Analysis

In this section, as an example, we’re going to analyze some of the results from the simulation to give an example how to use enspara, and how to use an MSM to generate understanding about a protein’s conformational landscape.

First, let’s load the representative centers from the clustering:

import pickle
import mdtraj as md

with open('fs-khybrid-clusters0040-centers.pickle', 'rb') as f:
    ctr_structs = md.join(pickle.load(f))
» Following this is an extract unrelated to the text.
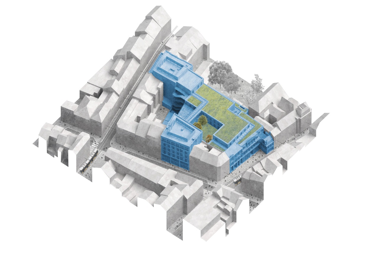 Maar Abscis Architecten slaagde er met verve in een door alle partners gedragen ontwerp af te leveren. Een ontwerp dat bovendien ook nog eens hoog scoort op het vlak van circulair bouwen. En niet alleen omdat het om een herbestemmingsproject gaat en de bestaande betonskeletstructuur en de beschermde historische gevels behouden en gerenoveerd werden.
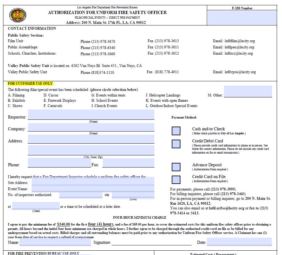 When direct payment to the LAFD is required for a Uniformed Fire Safety Officer (e.g. for an audience show, special event, drone use on studio lot, etc.), the form ‘LAFD FILM - Authorization for UFSO’ shall be completed and emailed to lafdfilm@lacity.org. Payment shall be received prior to the first date of the event. The subject line of the email shall state “UFSO Hire Request for [Insert Date of 1st Activity]”

The clustering application saves representative cluster centers as a pickle of mdtraj trajectory objects. In this case, they all have the same topology, so we can get away with using md.join once pickle has loaded them. (Note, though, that this can be pretty slow for large lists of trajectories.)

Let’s say we’re interested in hydrogen bonding patterns in this protein. First, we used the MDTraj implementation of the Kabsch Sander hydrogen bond formulation to compute all the hydrogen bonds in each frame:

hbonds = md.kabsch_sander(ctr_structs)

This results in a list of n x n scipy sparse matrices, where the element i, j is the predicted hydrogen bond energy between residues i and j. Combining these energies with the probability estimates from our msm, we can show the mean energy for all possible pairs of hydrogen bonds throughout the conformational landscape:

weighted_hbond_mtx = sum(p*h for p, h in zip(m.eq_probs_, hbonds)).todense()
plt.imshow(weighted_hbond_mtx, cmap='viridis_r')
plt.colorbar()
Mean hydrogen bonding energy by residue pair.

As you can see, the highest energy hydrogen bonds are the i to i+4 hydrogen bonds. This isn’t too surprising, since this protein is supposed to fold up into a helix.

Let’s discretize these energies into a bond formed/bond broken binary vector for each state:

all_hbonds = set()

# accumulate all the possible pairs of residues involved in hbonds
for i in range(len(ctr_structs)):
    donors, acceptors = np.where(hbonds[i].todense() != 0)
    all_hbonds.update([(d, a) for d, a in zip(donors, acceptors)])

# make a list so that it's ordered
all_hbonds = list(all_hbonds)

# this matrix of length n_states will have each binary feature vector
hbond_presence = np.zeros((m.n_states_, len(all_hbonds)),
                          dtype='uint8')

# set each value i, j to one if state i has hbond j.
for i in range(len(ctr_structs)):
    donors, acceptors = np.where(hbonds[i].todense() != 0)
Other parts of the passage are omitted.